In 2012, Nygaard returned to ADAC GT Masters. Since 2012, Nygaard has been racing in the FIA World Endurance Championship for Aston Martin Racing.

==Racing record==

===24 Hours of Le Mans results===

| Year | Team | Co-Drivers | Car | Class | Laps | Pos. | Class Pos. |
| 2010 | DEU Young Driver AMR | CZE Tomáš Enge NED Peter Kox | Aston Martin DBR9 | GT1 | 311 | 22nd | 3rd |
| 2012 | GBR Aston Martin Racing | DEN Kristian Poulsen DEN Allan Simonsen | Aston Martin Vantage GTE | GTE Am | 31 | DNF | DNF |
| 2013 | GBR Aston Martin Racing | DEN Kristian Poulsen DEN Allan Simonsen† | Aston Martin Vantage GTE | GTE Am | 2 | DNF† | DNF† |
| 2014 | GBR Aston Martin Racing | CAN Paul Dalla Lana POR Pedro Lamy | Aston Martin Vantage GTE | GTE Am | 329 | 26th | 6th |
| 2015 | GBR Aston Martin Racing | DEN Nicki Thiim DEN Marco Sørensen | Aston Martin Vantage GTE | GTE Pro | 330 | 27th | 4th |
Sources:

†Simonsen was killed on Lap 3 of the race.
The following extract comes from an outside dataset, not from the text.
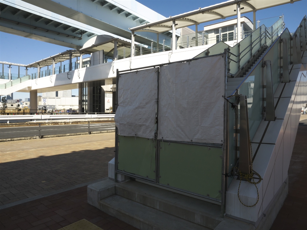 中に繋がる歩道橋もフタがして会って通れない。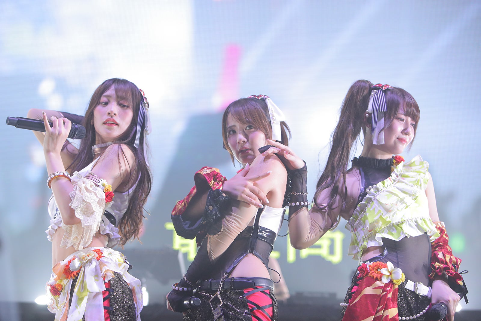 平嶋夏海(瀬戸リカ役)、岡田夢以(水島茉莉花役)、葉月ひまり(日高さおり役)、根岸 愛(松山ダリア役)の4人がつなぐ楽曲と夏の熱気を吹き飛ばす派手なパフォーマンスで会場は大いに盛り上がりました。

Neither Poulsen nor Nygaard had driven in the race at the time of the crash.

===Complete FIA World Endurance Championship results===

| Year | Entrant | Class | Chassis | Engine | 1 | 2 | 3 | 4 | 5 | 6 | 7 | 8 | Rank | Points |
| 2012 | Aston Martin Racing | LMGTE Am | Aston Martin Vantage GTE | Aston Martin 4.5 L V8 | SEB | SPA | LMS Ret | SIL | SÃO | BHR | FUJ | SHA | NC | 0 |
| 2013 | Aston Martin Racing | LMGTE Am | Aston Martin Vantage GTE | Aston Martin 4.5 L V8 | SIL 1 | SPA 2 | LMS Ret | SÃO Ret | COA 2 | FUJ 1 | SHA Ret | BHR 1 | 4th | 104.5 |
| 2014 | Aston Martin Racing | LMGTE Am | Aston Martin Vantage GTE | Aston Martin 4.5 L V8 | SIL 2 | SPA 3 | LMS 5 | COA 1 | FUJ 2 | SHA 1 | BHR 3 | SÃO 1 | 2nd | 164 |
| 2015 | Aston Martin Racing | LMGTE Pro | Aston Martin Vantage GTE | Aston Martin 4.5 L V8 | SIL 4 | SPA 6 | LMS 6 | NÜR 4 | COA 5 | FUJ 5 | SHA | BHR 4 | 8th | 81 |
Source:

== Coaching ==

Nygaard is currently an instructor at Power Racing Gokart Academy in Herlev, Denmark, where he runs the Race Club, a regularly held class where he provides coaching services to novice and advanced Gokart drivers.